現在、国立西洋美術館で開催されている《クラーナハ展》、
企画された国立西洋美術館研究員の新藤淳氏のレクチャーを聴きました。

事前に提示された課題本は
『クラーナハ"ルター"〜イメージの模索』(マルティン・グルンケ)
フォト



今回のクラーナハ展が誘惑する女が中心というイメージだったのにルターとは、と思い、
さらに読み始めると同書は論文そのもので、巻末の訳者による解説を読んでようやく論旨の意図がわかる始末。

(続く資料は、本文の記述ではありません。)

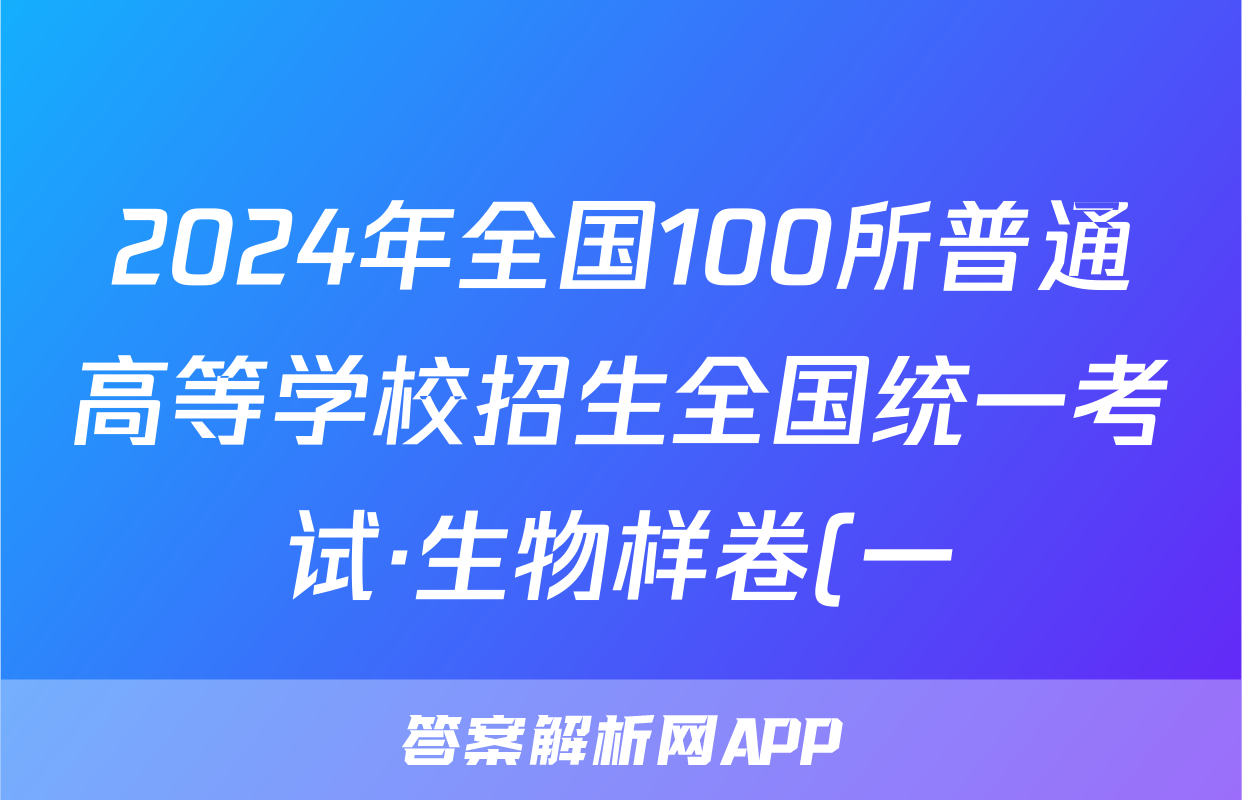 2024年全国100所普通高等学校招生全国统一考试·生物样卷(一)1[24·(新高考)高考样卷·生物·Y]试题正在持续更新,目前2024-2025衡中同卷答案网为大家整理了相关试题及答案,供大家查缺补漏,高效提升成绩。

でもおそるおそる臨んだ講演会ではかなり謎が解けました。
いくつかのQ&Aを記録しておきます。

問い。
同時期の画家としてはデューラーの方が有名ではないか?
答え。
全くその通り。
日本でもデューラーの研究者は前西洋美術館長前川誠郎先生とか、東大の秋山聡先生とか…たくさんいらっしゃる。
それに対してクラーナハはとても少ない。
でもフランス文学の好きな人とかシュルレアリスムを経由したりしてその世界に入っていくようだ。
そもそもデューラーはドイツでは神様みたいというか大スターで、クラーナハは2番手3番手。

問い。
クラナッハでは?
答え。
研究者の間では20年以上前からクラーナハ。
クラーナッハにすることも考えたし、いっそクラナハと表記する場合もある。
ボッティチェリとか日本語ではいつも表記の問題が起こる。

問い。
今回の展示では中国の芸術家に《正義の寓意》の複製を描かせたり、森村泰昌の作品をもってきたりと西美ではあり得なかったような展示だが?
答え。
確かに国立国際美術館なら自然ということはある。でも巡回があるなしと関係なく、当初からこうした企画だった。
クラーナハは500年前のドイツの画家である。
では我々はそこから何を持ってくるのか?
古い時代の問題(作品)を今日的に捕らえられないか?
ルネサンスといえばイタリアが本家王道。
デューラーにはじまるドイツルネサンスはどうしても周辺というかマージナルである。
そもそもイタリアルネサンス自体が古代ギリシアへの憧れなのにさらにその輸入…ということは孫引きか。
しかしそうした文化の翻訳プロセスでおこる歪みが面白いのではないか。それこそがダイナミズムではないか。
そうした狙いを持った展覧会構成である。


レクチャーでは、幾つかのキーワードが提示されました。

◆記憶
◆蝋(ろう)etc.

「クラーナハ ルター」で検索しても
「ルター」で検索してもクラーナハの画像が出てくる。
中学生向けの参考書でもルターの画像はクラーナハの絵。
つまりルターのイメージを作ったのはクラーナハなのである。
クラーナハによるルターの肖像画は何バージョンかあるが、そのうちのひとつに次のような銘文がある。


ルターの精神の肖像を生み出すのはルター自身であり、それは不朽である。
しかしルーカスの蝋は、死によって消滅すべきルターの顔貌を写す。


ここにはプラトン哲学の影響を見ることができる。
プラトン哲学では、現実とはイデアのコピー、描かれたものはさらに現実のコピーであることから絵画は二重に劣っていることになる。
銘文にいう精神とはイデアに置き換えると解りやすい。
そしてプラトンが記憶について語るときに出てくるのが「蝋」。
心のなかには柔らかい受容体があり、インプレッションにより記憶が残る。つまり蝋は記憶のメタファーである。
ルーカスとはクラーナハ。

そしてクラーナハによって作られたルターの記憶(イメージ)が
カトリックによって偶像破壊の対象になるほど高められたことなど
興味深いお話は尽きませんでした。


1月15日まで。
1月28日から大阪の国立国際美術館に巡回。